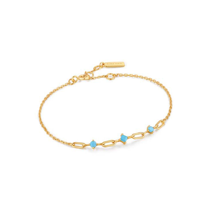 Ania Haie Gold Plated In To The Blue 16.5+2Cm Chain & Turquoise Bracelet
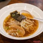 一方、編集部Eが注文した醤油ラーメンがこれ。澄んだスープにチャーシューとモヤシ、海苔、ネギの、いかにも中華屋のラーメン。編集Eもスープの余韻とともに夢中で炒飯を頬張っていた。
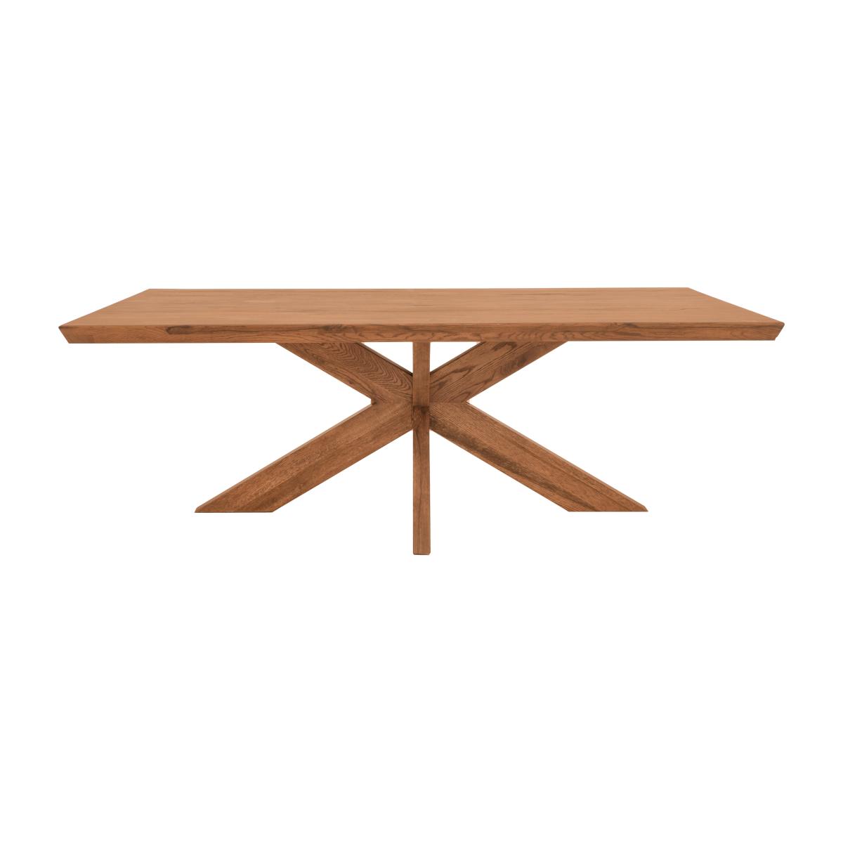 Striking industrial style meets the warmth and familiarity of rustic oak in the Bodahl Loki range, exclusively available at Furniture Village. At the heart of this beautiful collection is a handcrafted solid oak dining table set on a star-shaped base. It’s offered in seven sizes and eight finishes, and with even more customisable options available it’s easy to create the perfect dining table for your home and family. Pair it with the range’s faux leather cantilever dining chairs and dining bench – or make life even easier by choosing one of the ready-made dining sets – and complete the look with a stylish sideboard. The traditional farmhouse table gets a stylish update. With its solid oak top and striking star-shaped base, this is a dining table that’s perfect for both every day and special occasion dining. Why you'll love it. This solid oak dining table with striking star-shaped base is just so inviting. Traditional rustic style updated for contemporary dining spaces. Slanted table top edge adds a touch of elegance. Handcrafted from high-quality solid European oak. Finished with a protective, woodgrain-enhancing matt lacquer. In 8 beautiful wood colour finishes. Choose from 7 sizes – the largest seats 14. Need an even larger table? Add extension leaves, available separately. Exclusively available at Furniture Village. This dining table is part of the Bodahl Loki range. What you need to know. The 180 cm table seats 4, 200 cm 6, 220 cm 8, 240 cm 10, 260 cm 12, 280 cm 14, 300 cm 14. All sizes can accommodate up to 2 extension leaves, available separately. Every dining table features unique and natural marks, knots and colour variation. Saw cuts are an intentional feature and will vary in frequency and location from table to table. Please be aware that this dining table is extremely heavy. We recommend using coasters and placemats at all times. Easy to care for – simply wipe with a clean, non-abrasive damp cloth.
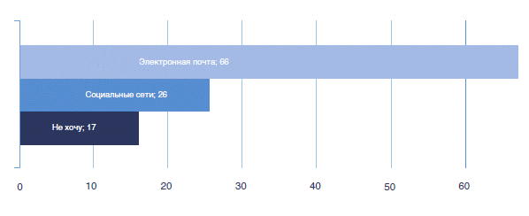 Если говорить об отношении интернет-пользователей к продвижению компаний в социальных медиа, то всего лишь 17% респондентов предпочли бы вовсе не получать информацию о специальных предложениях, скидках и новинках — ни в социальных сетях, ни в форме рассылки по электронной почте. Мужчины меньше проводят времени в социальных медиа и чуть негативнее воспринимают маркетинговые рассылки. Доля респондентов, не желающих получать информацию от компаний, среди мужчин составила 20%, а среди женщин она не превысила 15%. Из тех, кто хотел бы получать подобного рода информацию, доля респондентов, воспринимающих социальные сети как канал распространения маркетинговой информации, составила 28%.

# WHAT YOU SHOULD DO
Please output the listing above exactly from its first line through the line with "一方、編集部Eが注文した醤油", both included, and nothing beyond that line. Omit pictures.

# EXERCISE ANSWER
 Ania Haie Gold Plated In To The Blue 16.5+2Cm Chain & Turquoise Bracelet
 一方、編集部Eが注文した醤油ラーメンがこれ。澄んだスープにチャーシューとモヤシ、海苔、ネギの、いかにも中華屋のラーメン。編集Eもスープの余韻とともに夢中で炒飯を頬張っていた。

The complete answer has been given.